As the experience of our Commonwealth cousin demonstrates, when litigants are required to spend sufficient time together inside a legal safe zone, as opposed to being forced to fight out in the open where egos and reputations are far more exposed, the motivation to compromise can overcome even the most stubborn parties. And even if a resolution is not achieved at a mediation, the parties will have had to undergo a harsh “reality check” and confront the unvarnished reality of their positions. Importantly, this need not end the matter: in Australia, courts are able to order a second round of CADR if it is in the interests of justice to do so, such as where a party fails to mediate in good faith.

It is beyond dispute that ADR, and in particular, mandatory mediation, serves as a crucial relief valve for our civil courts. However, mediation is currently mandatory in only three Superior Court jurisdictions: Ottawa, Toronto and the County of Essex. I suggest that this must change. If our provincial parliament will not enact or incentivize alternative and progressive means of dispute resolution, then it falls to the judiciary to mobilize them, such as by invoking the superior court’s inherent jurisdiction to control its own processes.

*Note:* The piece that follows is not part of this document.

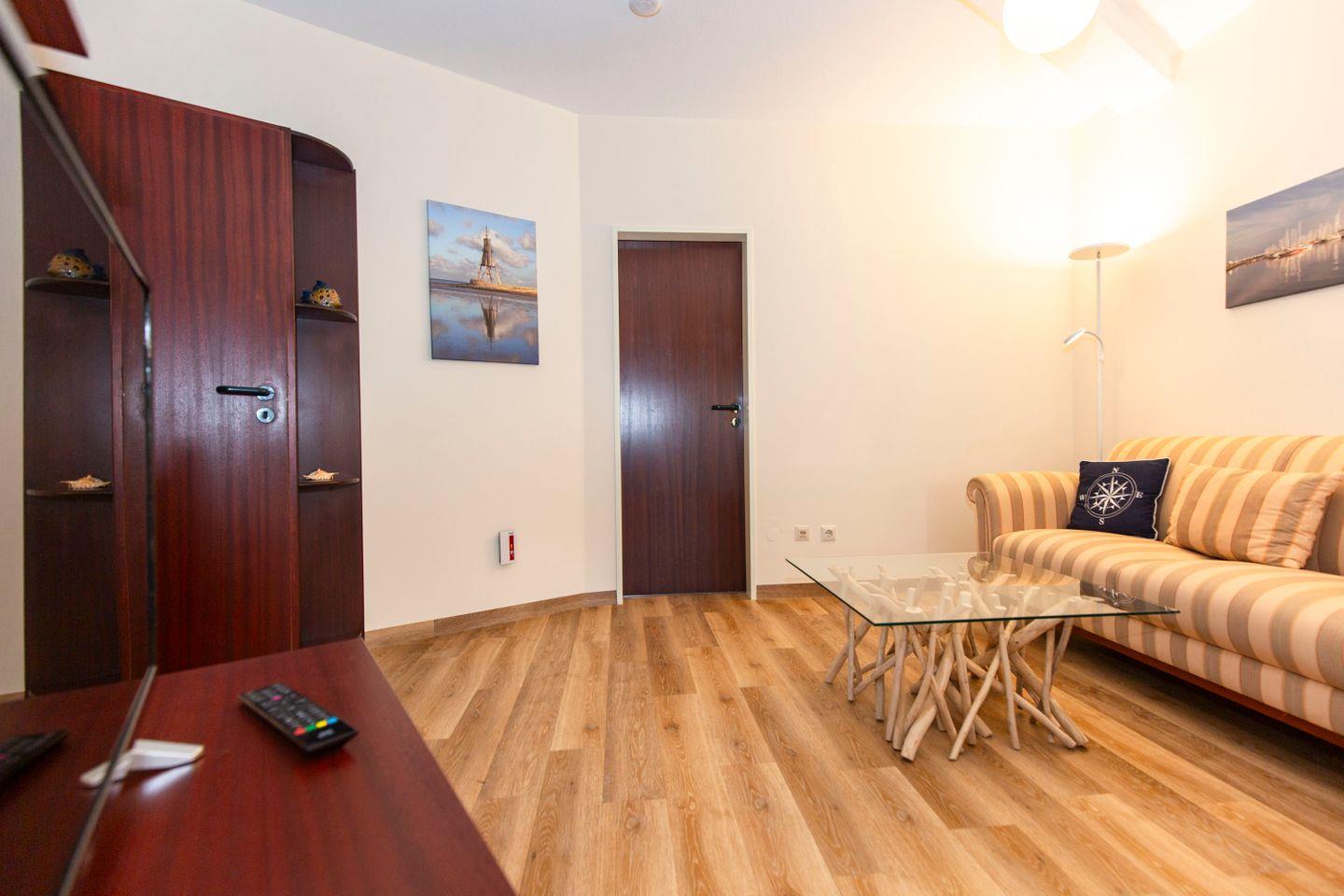 Haus "Marina", Typ B, Whg.Nr. 94, bis 2 Pers., Hochparterre links, Lage am Yachthafen, ca. 45 qm Größe, Wohn-/Essbereich, sep. Schlafzimmer mit Doppelbett (Matratze dreiteilig), Dusche/WC, Küchenzeile mit Geschirrspüler, Mikrowelle, 2-Platten-Herd, Kabel-TV, WLAN-Router, Balkon, Haustier sind erlaubt, Nichtraucherwohnung.
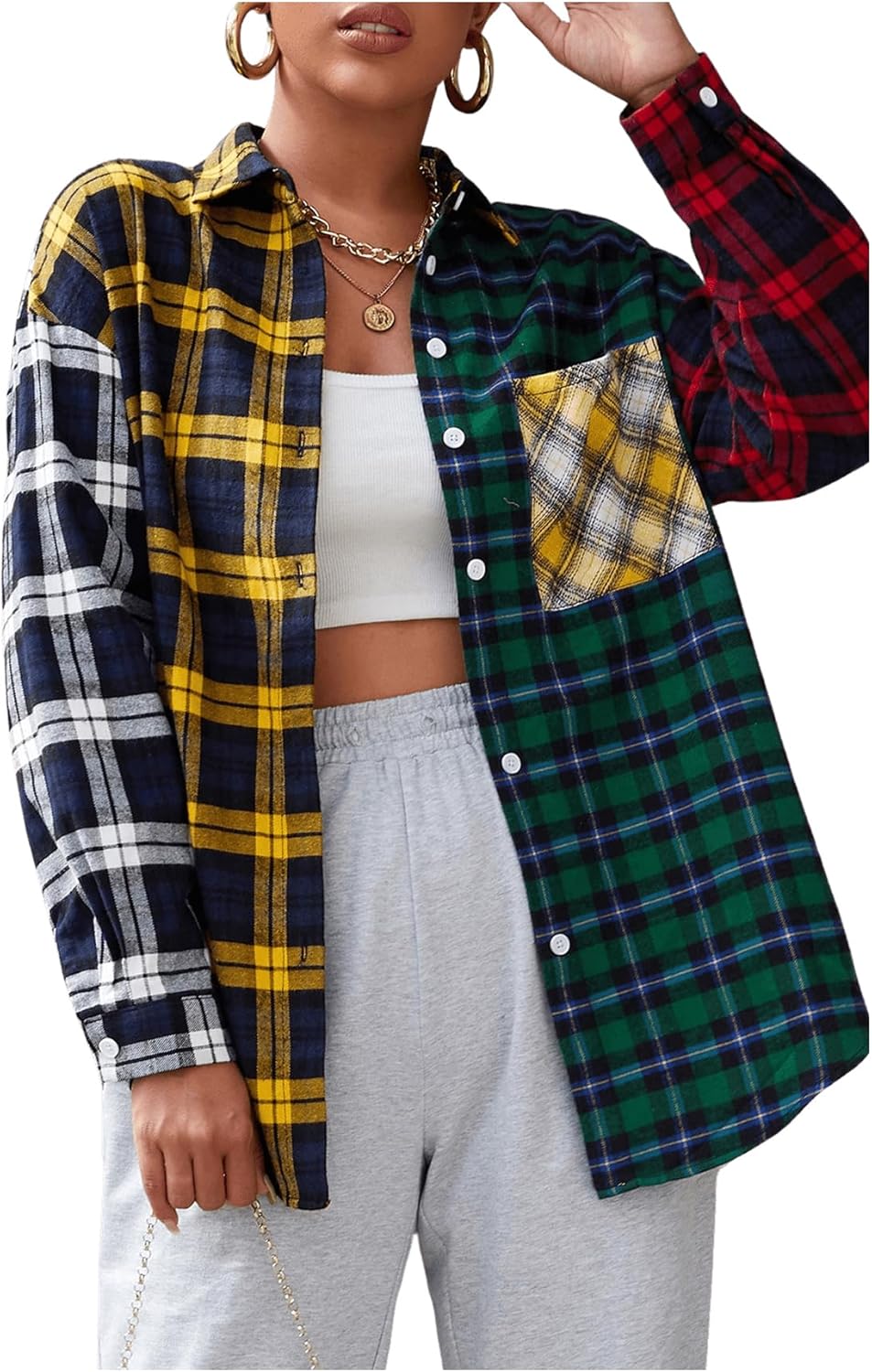 Floerns Women's Tartan Color Block Long Sleeve Plaid Button Down Blouse

Below the mainstream political discourse is a rapidly accelerating undercurrent of anti-institutional sentiment. Ever-increasing court costs and the epidemic of self-representation only feeds the public’s growing mistrust in our public institutions. As lieutenant governor of Ontario, Elizabeth Dowdeswell, said in 2021, “This pandemic has laid bare for all of us the reality of inequity in our society.” If we are to curb this disturbing trend, then we must rediscover the spirit of institutional innovation and participatory democracy.

Fundamentally, lawyers and judges must look the Supreme Court of Canada’s “culture shift” decree in Hryniak directly in the eye and ask themselves: do we possess a genuine desire to consider alternative models of adjudication, or not? The Supreme Court has pressed our faces firmly against the glass. Will we choose to explore what is on the other side, or will we continue looking the other way? Will the pandemic be a catalyst for much-needed reform, or will it simply tighten the Gordian knot that is already choking out access to justice?

Ryan Wozniak is the principal of Wozniak Law P.C. He practises civil litigation in Toronto.